I was turned on to Midnight Mass by Ricky Gervais who raved about it in one of his social media chats: ‘I absolutely loved it, and it got better and better. It’s like all the themes like love and death, regret, second chances, but it’s about good and evil in a biblical sense.’
Yes. Midnight Mass is very unusual in that (so far, at least; I’m only two and a bit episodes in) it seems to take Christianity at its own estimation. God is real, miracles do happen, even (or especially) the most miserable sinners can find redemption through repentance. Watching it is quite unsettling because you keep expecting the rug to be pulled from under your feet and, say, the hero priest Father Paul Hill (Hamish Linklater) suddenly to be revealed as a secret agent of Satan.
You expect this because that, generally, is the job of clergymen on TV and in the movies. They are invariably either tortured by doubt, or ineffectual or hypocritical or compromised in some way.

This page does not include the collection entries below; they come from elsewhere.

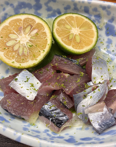 席に着くとすぐに新子の定食が出てきました。 皮の付いた新子がぶつ切りになって出てきます。新子にぶしゅかんの皮がかかっており、ここに実を絞って仏手柑の果汁で頂きます。ちょっと醤油に漬けるのもいいです。
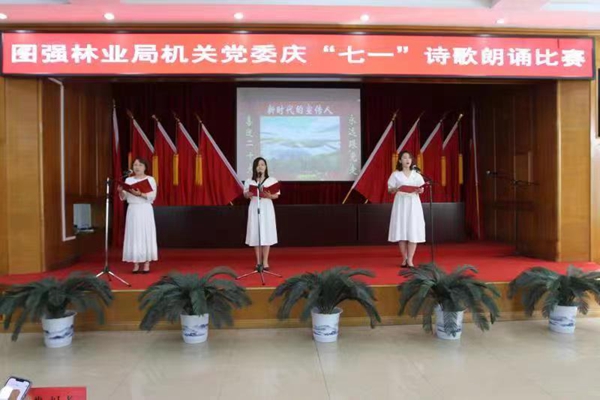 聚焦優(yōu)良作風,堅定理想信念。為全面激發(fā)機關(guān)干部開拓奮進的使命感和責任感,機關(guān)黨委組織黨員干部開展了慶“七一”詩歌朗誦比賽,以此激勵機關(guān)干部發(fā)揚優(yōu)良作風,緬懷黨的豐功偉績,承繼先輩英烈風骨,堅定理想信念、不忘初心,激發(fā)廣大機關(guān)黨員干部愛國、愛黨、愛崗敬業(yè),增強黨性修養(yǎng),推進機關(guān)黨員在新時代實踐中走前列、當先鋒,為加快圖強林業(yè)經(jīng)濟各項事業(yè)高質(zhì)量發(fā)展添磚加瓦。詩歌朗誦大賽上,詩歌作品內(nèi)容健康,積極向上,歌頌家鄉(xiāng),歌頌黨,贊美祖國,參賽選手在詩歌朗誦中精神飽滿、感情真摯、聲情并茂,朗誦富有韻味和表現(xiàn)力,與觀眾產(chǎn)生共鳴,比賽現(xiàn)場氣氛熱烈。
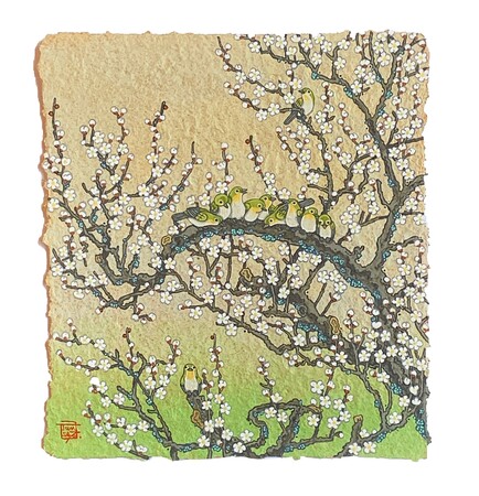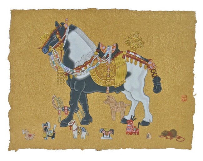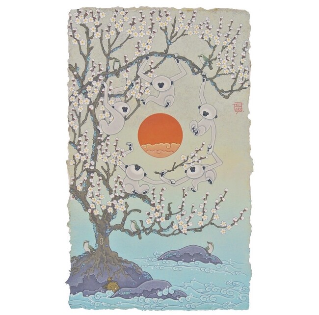 色鮮やかな花鳥百獣の世界。吉祥や風習、縁起物を取り入れた独創的な動物画の数々。紙にもこだわり、竹100%の手漉き和紙「竹紙」を使用しています。
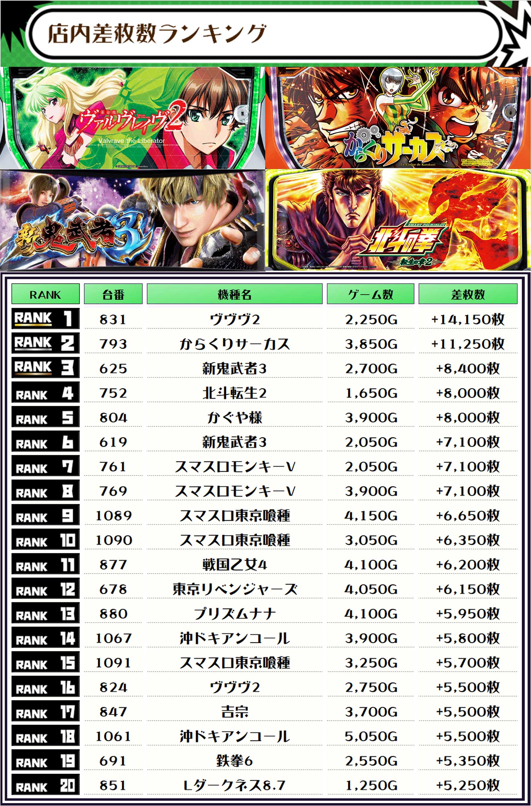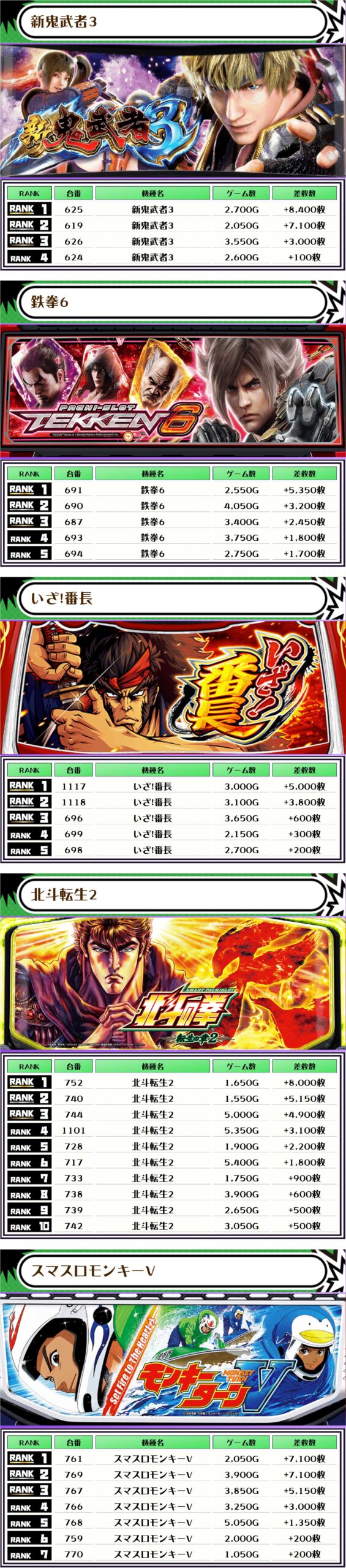 2位には【からくりサーカス・793番台】の+11,250枚、そして3位には【新鬼武者3・625番台】の+8,400枚がランクインっ🏆🏆🏆
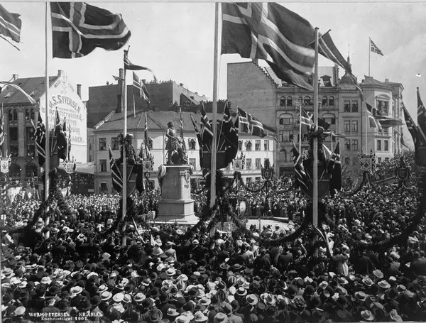 Avdukingen av Tordenskiolds monument på Tordenskiolds plass (tidligere plass i det gamle Pipervika) 17. mai 1901. Statuen er utformet av Axel Ender og sokkelen er tegnet av Henrik Bull. Statuen står nå på Rådhusplassen. (Oslo byleksikon)

Perhaps, like the priest in Fleabag, they’ve been inserted as an unattainable love interest; perhaps, like the vicar in The Vicar of Dibley (with her inverted cross), they are there to reassure you that Christianity really has very little to do with that ‘believing in God’ nonsense. Possibly not since The Exorcist (1973) has a priest been depicted as an honest-to-God fighter against evil.
Midnight Mass is set on a small island off the US coast (though it was filmed in Vancouver) with a dwindling population of 127 folk who live in decaying clapboard houses. Their main industry is crab fishing, though that hasn’t been so good since the oil spill. Everyone bears a burden of some kind or another.